> [What the exercise asks]: Your answer should be the lines below from the one holding "атындағы Ұзынағаш кәсіптік" through the one holding "Légende : Toulouse, le", copied exactly and with nothing else.

> [Given records]:
———
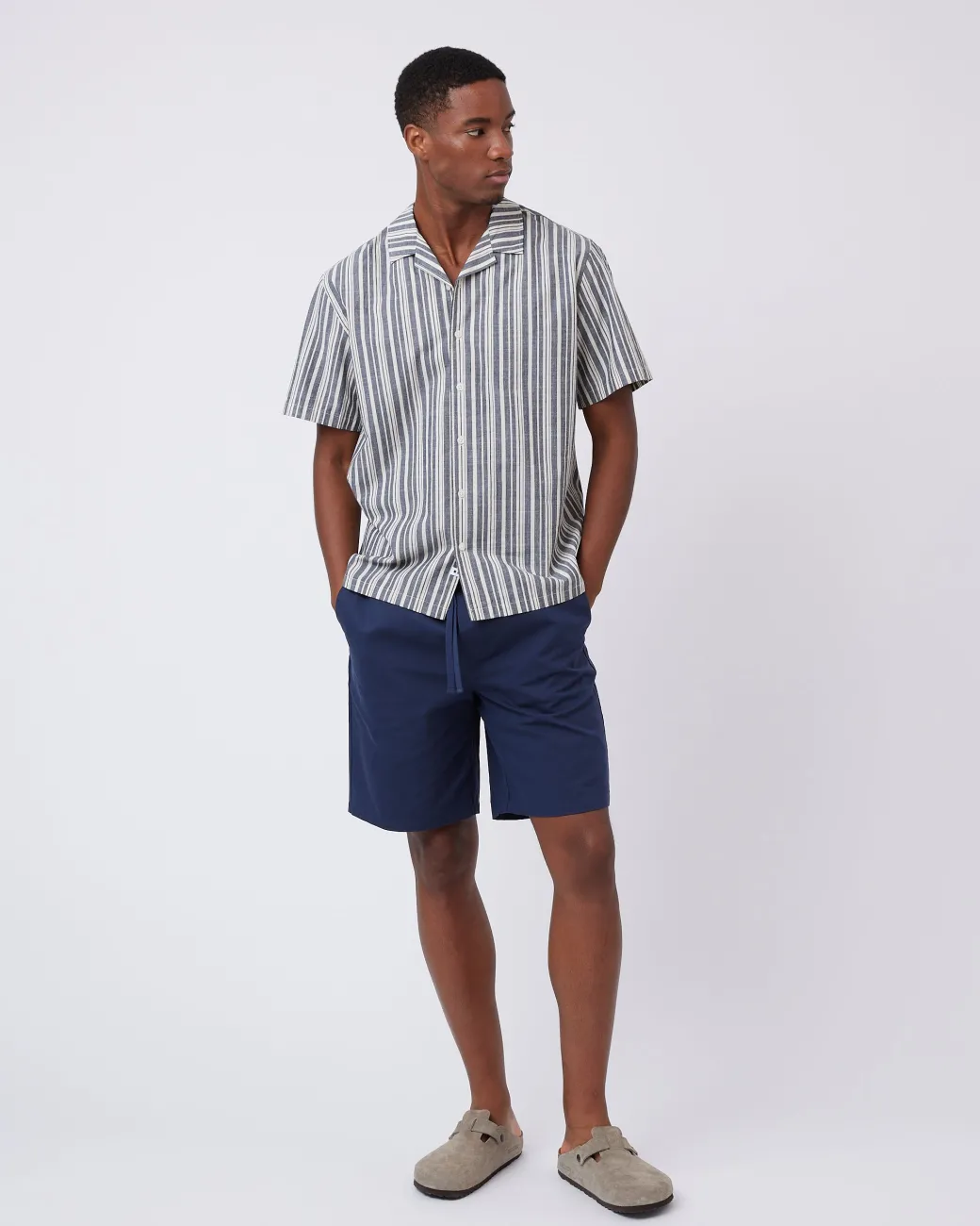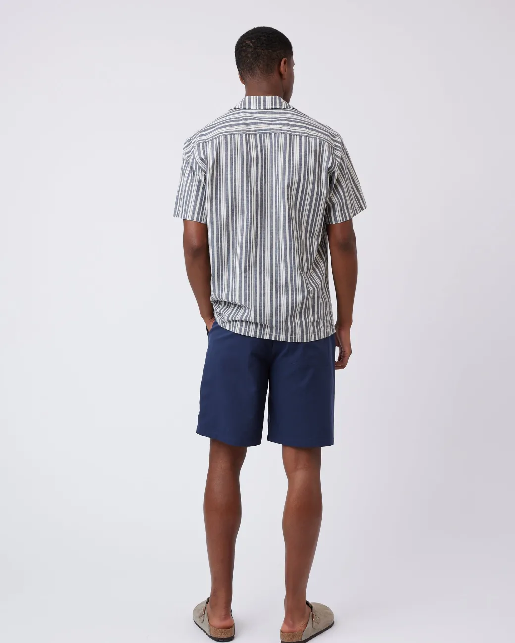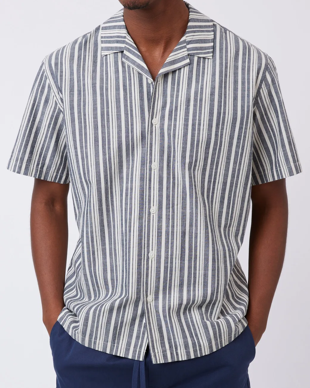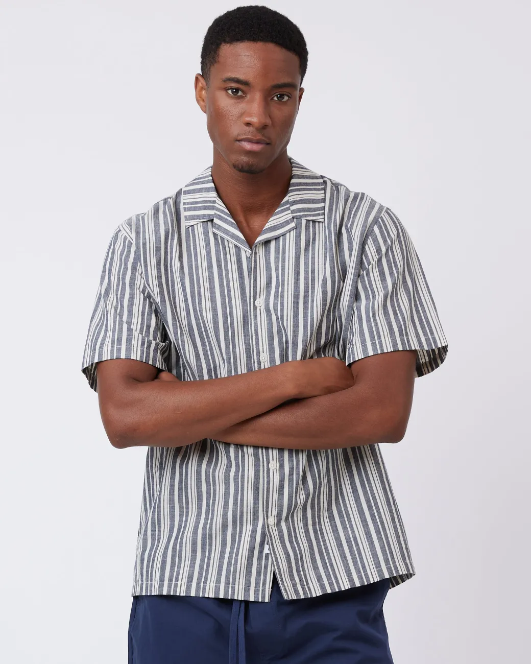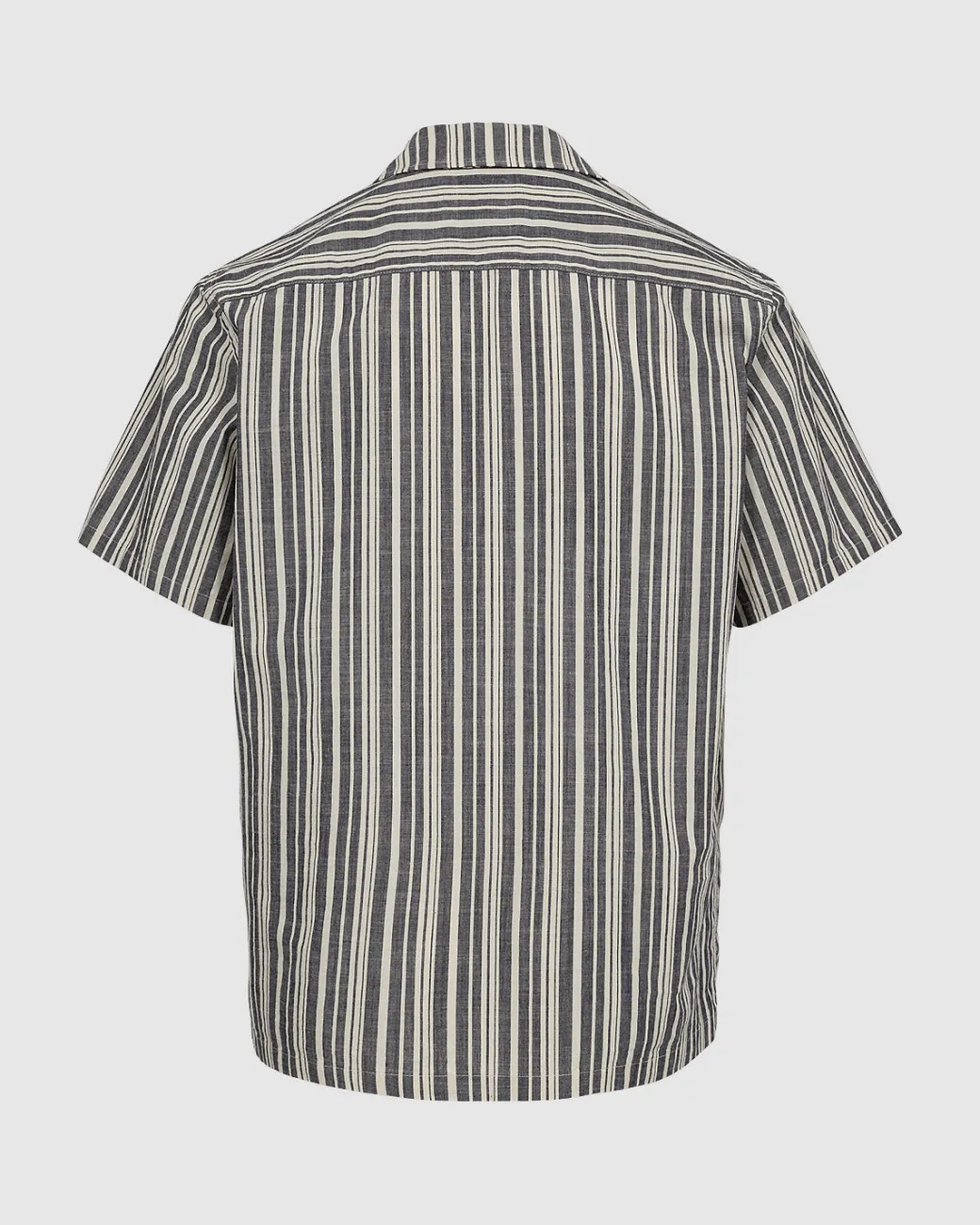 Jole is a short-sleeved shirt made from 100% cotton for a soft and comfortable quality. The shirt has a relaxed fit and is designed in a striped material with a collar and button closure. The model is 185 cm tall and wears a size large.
———
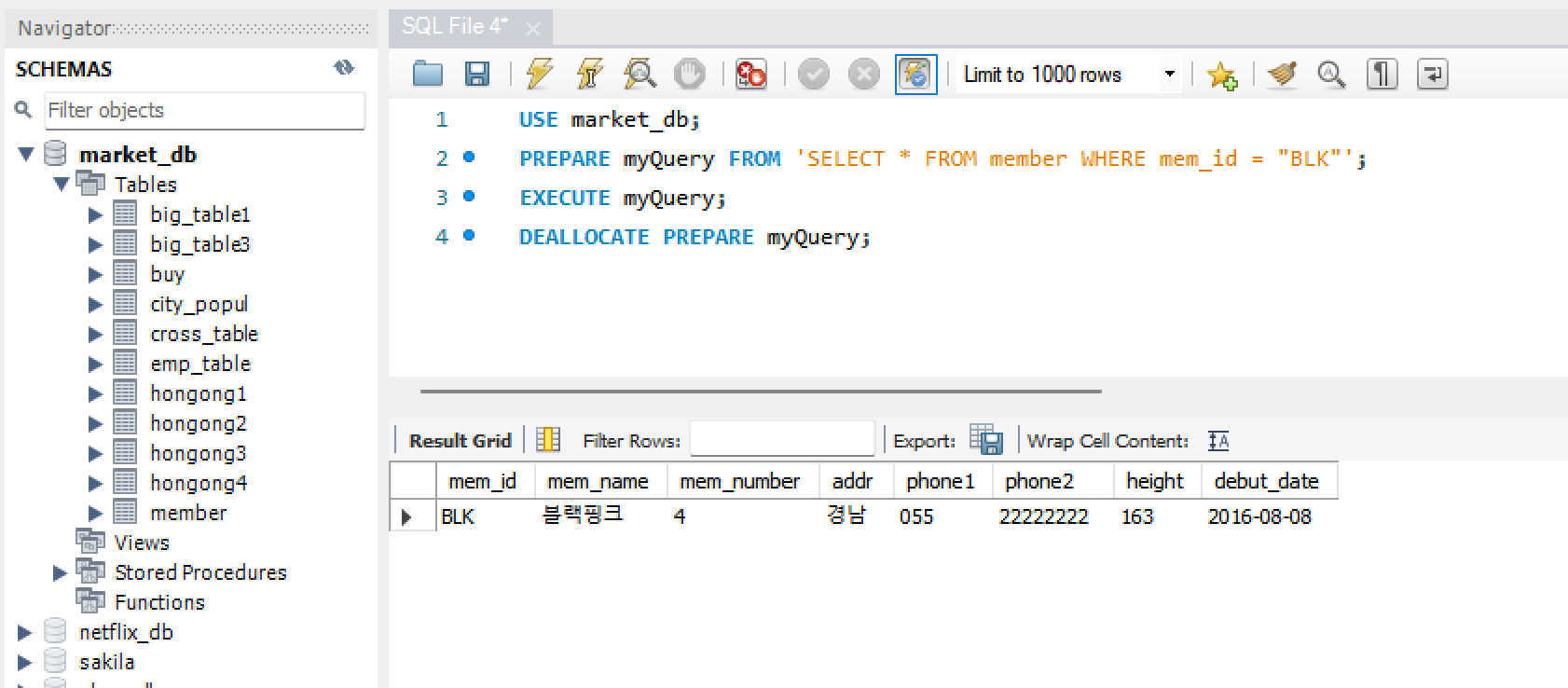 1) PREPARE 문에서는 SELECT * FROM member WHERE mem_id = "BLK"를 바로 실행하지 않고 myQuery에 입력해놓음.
———
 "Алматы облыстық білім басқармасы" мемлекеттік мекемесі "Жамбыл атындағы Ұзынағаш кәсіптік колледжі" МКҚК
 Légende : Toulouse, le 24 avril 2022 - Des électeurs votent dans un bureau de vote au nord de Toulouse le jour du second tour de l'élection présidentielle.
———
> [Solution]:
 "Алматы облыстық білім басқармасы" мемлекеттік мекемесі "Жамбыл атындағы Ұзынағаш кәсіптік колледжі" МКҚК
 Légende : Toulouse, le 24 avril 2022 - Des électeurs votent dans un bureau de vote au nord de Toulouse le jour du second tour de l'élection présidentielle.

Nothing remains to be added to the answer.